Francesca da Rimini e il ritorno di Zandonai alla Scala

Maria José Siri è Francesca (photo: Marco Brescia & Rudy Amisano)
Maria José Siri è Francesca (photo: Marco Brescia & Rudy Amisano)

In questi ultimi anni i grandi teatri d’opera, ma non solo quelli, stanno rinnovando la loro programmazione, immettendo finalmente, vicino ai grandi classici, anche opere meno note, che da molti anni non sono più rappresentate.

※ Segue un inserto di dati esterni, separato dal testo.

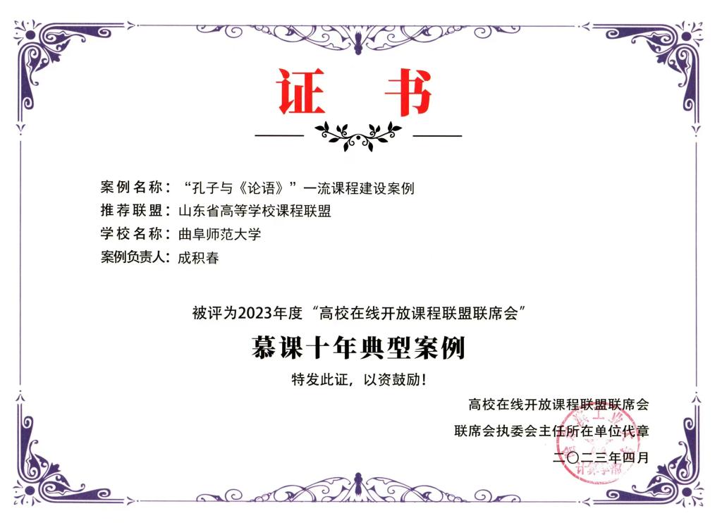 曲阜师大“孔子与《论语》”课程入选全国“慕课十年典型案例”
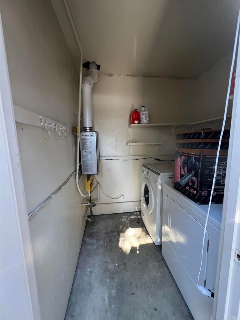 Location, location, location! When choosing a condo, remember this: you can always change flooring and paint, but you can’t change where the unit sits. This home is ideally located just steps from the community pool and convenient visitor parking (a huge plus—something you may not think about now but absolutely will once guests come over!). As an end unit, it also enjoys extra windows that bring in abundant natural light that interior units lack. Double doors open to a spacious entry with vaulted ceilings. The first floor offers a bedroom and a full bathroom, along with a large, open living room that connects to your private patio. The patio provides direct access to two carport parking spaces plus extra overhead storage. Upstairs, you’ll find a large secondary bedroom and a generous primary bedroom—both featuring private decks. All this, and you’re close to SeaWorld and, well… just about everything!
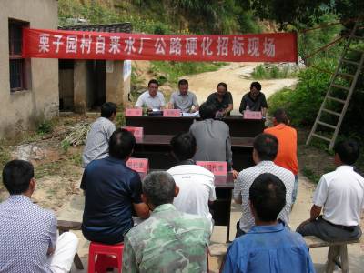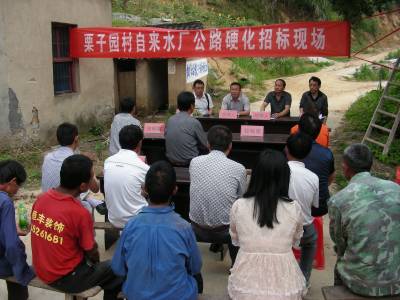 6月6日,黄梅县大河镇栗子园村自来水厂公路硬化招标会在公路现场举行。今年以来,该镇公共资源交易中心推行便民服务,将资产处置、资源发包和工程建设招标竞标会搬到村或现场开,邀请群众进行现场监督,既方便了基层和群众,又确保了资产处置、资源发包等公正公开透明。到目前,该镇已公开招投标11宗,为村集体增收、节支21万元。(本报视界网吴志雄 梅华 摄)
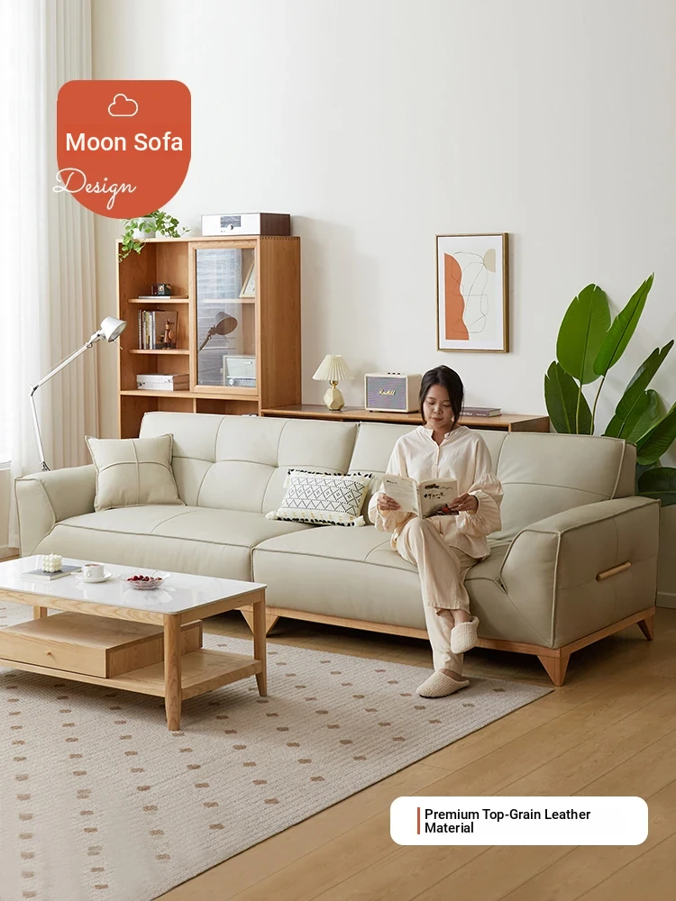 Japanese Solid Wood Compact Living Room Sofa - Modern Nordic Genuine Leather Couch for Three - Premium Top-grain Leather
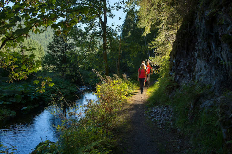 Diese liebliche und zugleich abwechslungsreiche Etappe des Albsteigs im Südschwarzwald in Baden-Württemberg verläuft zwischen der Domstadt St. Blasien und dem idyllisch gelegenen Bergdorf Menzenschwand-Vorderdorf. Die mittelschwere Wanderung führt zunächst entlang der Alb durch stille Waldabschnitte und über neu angelegte Erlebniswege wie den „Achter-Pfad“, vorbei an urigen Sägen, kleinen Seen und einem idyllischen Biotop. Schöne Aussichten und gut angelegte Rastplätze begleiten den Weg, bevor er mit weitem Blick ins Tal ins Herz von Menzenschwand hinabführt. Ausgangspunkt ist der Ortsrand von St. Blasien.
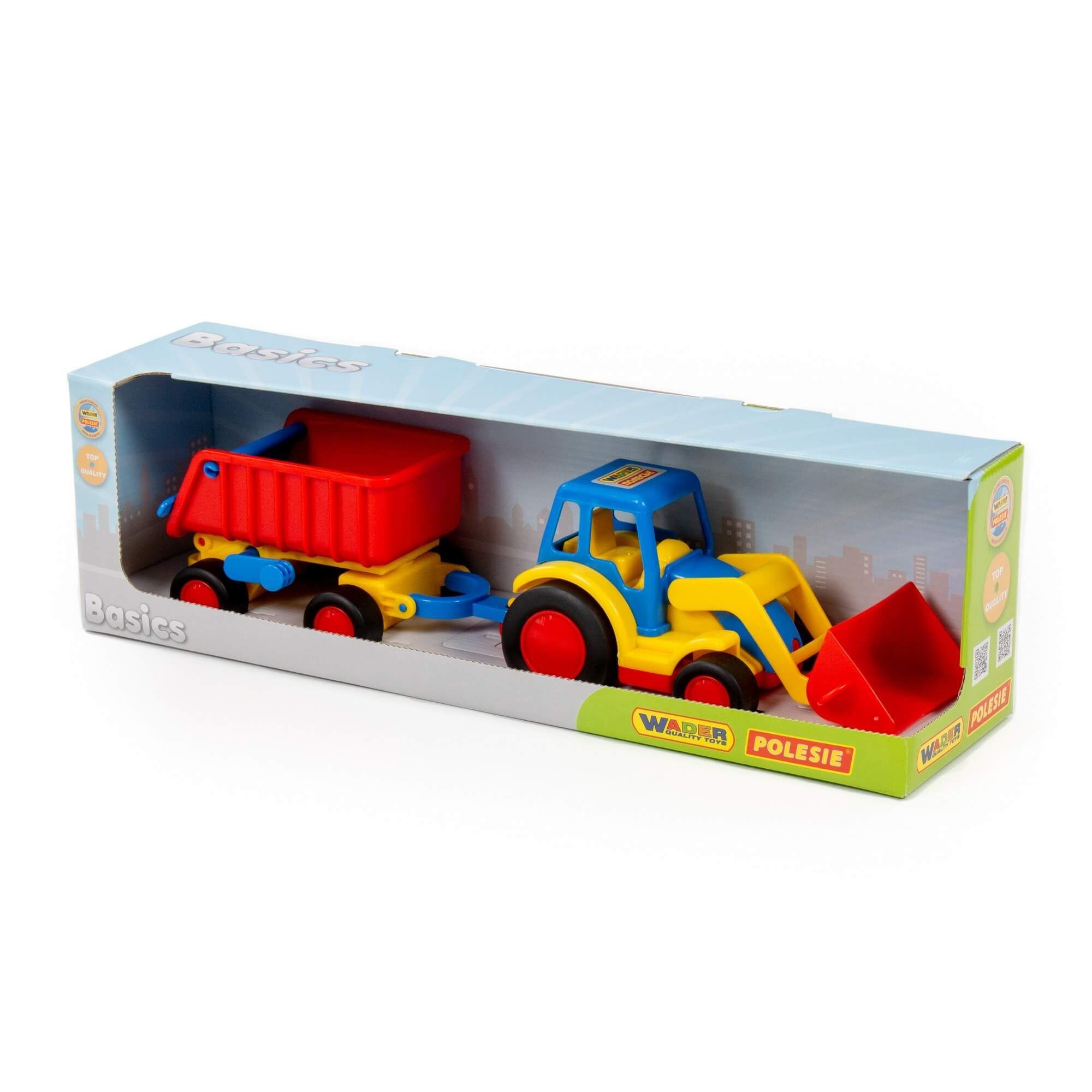 Стильные, удобные и небольшие машинки для малыша от фабрики «Полесье» — это серия «Базик». Они отличаются компактным размером, продуманной эргономикой, расцветкой и функционалом. Трактор-погрузчик имеет подвижный ковш. В дополнение предусмотрен прицеп, задний борт которого открывается. В прицеп можно загружать грузы и подымать кузов прицепа за специальную рукоятку. Колёса погрузчика и прицепа — с резиновыми накладками, что обеспечивает практически бесшумное катание игрушки на любой поверхности. А наличие буксировочной петли позволяет возить игрушку за собой на верёвочке.
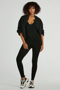 Experience the perfect basic catsuit for building your outfit! Featuring a flattering V-neckline, adjustable straps, seamless rib knit fabric, seam bodice detailing, and skinny-leg design, this catsuit is perfect for coffee runs or lounging. Complete the look in a denim jacket and sneakers!
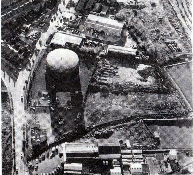 This aerial view of the Tayfen Road site shows the gas holder and general gas depot site opposite the Gas Works itself, which is out of site to the left side of the picture. |

E’ questo il caso della “Francesca da Rimini” di Riccardo Zandonai, che il Teatro alla Scala di Milano, con felice intuito, sta riproponendo in questi giorni, dall’ultima edizione del 1959 con protagonisti i grandi Magda Olivero e Mario Del Monaco.

L’opera in quattro atti è scritta su libretto di Tito Ricordi II, che lo trasse dall’omonima tragedia di Gabriele D’Annunzio del 1901, la quale, come facilmente si evince dal titolo, si rifà allo storico personaggio protagonista del Canto V della Commedia dantesca. La prima rappresentazione avvenne al Teatro Regio di Torino il 19 febbraio 1914.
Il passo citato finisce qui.